Interatomic potentials are essential for molecular dynamics simulations of magnetic materials, yet incorporating magnetic features into potentials for complex antiferromagnets remains challenging. Nickel oxide (NiO), a prototypical cubic antiferromagnet, exemplifies this difficulty. Here we develop a methodology to integrate magnetic properties into interatomic potentials for cubic antiferromagnets by adding a magnetic Hamiltonian which includes both the Heisenberg exchange and Néel model. We apply this approach to NiO by constructing two potentials: one based on the Born model of ionic solids and another using a reference-free modified embedded atom method.
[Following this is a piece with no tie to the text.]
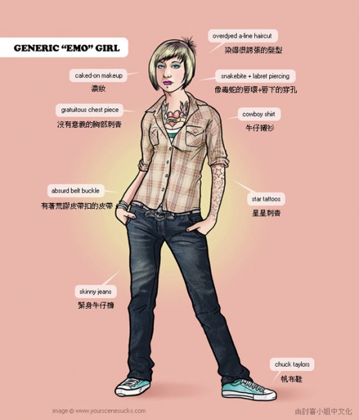 ▲女生版本的EMO,EMO是emocore的簡稱,原本指的是情緒化的硬蕊音樂,歌迷常常會在表演中尖叫、滑跪、情緒失控,而私底下也常常產生負面情緒,後來指某些族群情緒較低落、憂鬱的真偽界線模糊,有的EMO會自殘甚至因為憂鬱的情緒傷害別人。

Both potentials include magnetoelastic interactions and are validated against Density Functional Theory calculations, showing excellent agreement in mechanical and magnetic properties at zero temperature. These models enable large-scale simulations of magnetoelastic phenomena in antiferromagnets and open avenues for molecular dynamics studies involving coupled electric and magnetic fields in metal oxides.

Figures (8)

• Figure 1: (a) Crystal and magnetic structure of NiO. (b) The exchange interactions between nearest neighbor and next-nearest-neighbor Ni sites.
• Figure 2: Total energy and pressure as a function of the cell volume changes. The red dots depict the results obtained from the MD simulation in LAMMPS by just including the interionic potential modeled by Fisher and MatsubaraFisher-potential and the dashed line corresponds to the EOS fit. The blue line shows the pressure.
• Figure 3: Total energy as a function of the cell volume changes fitted by EOS for the case of NiO MD simulations performed with the RF-MEAM potential. The green line shows the pressure.
• Figure 4: Definition of the SC Ni$^{2+}$ sublattices in NiO. Each of the 4 SC sublattices, in turn, consists of two sublattices with spin up and spin down.
• Figure 5: Volume magnetostriction in SD-MD models. Equilibrium volumes for AFM and PM states were derived from fitting simulation data by EOS giving the volume magnetostriction constant $\omega_s=-0.00149$ in (a) SD-MD 1 and $\omega_s=-0.00136$ in (b) SD-MD 2. The dotted lines show the equilibrium volumes of the corresponding AFM and PM states. The energy difference between the PM and AFM ordered equilibrium states is $E(V_0^{PM})-E(V_0^{AFM})=0.03378$ (eV/f.u.) in both SD-MD models.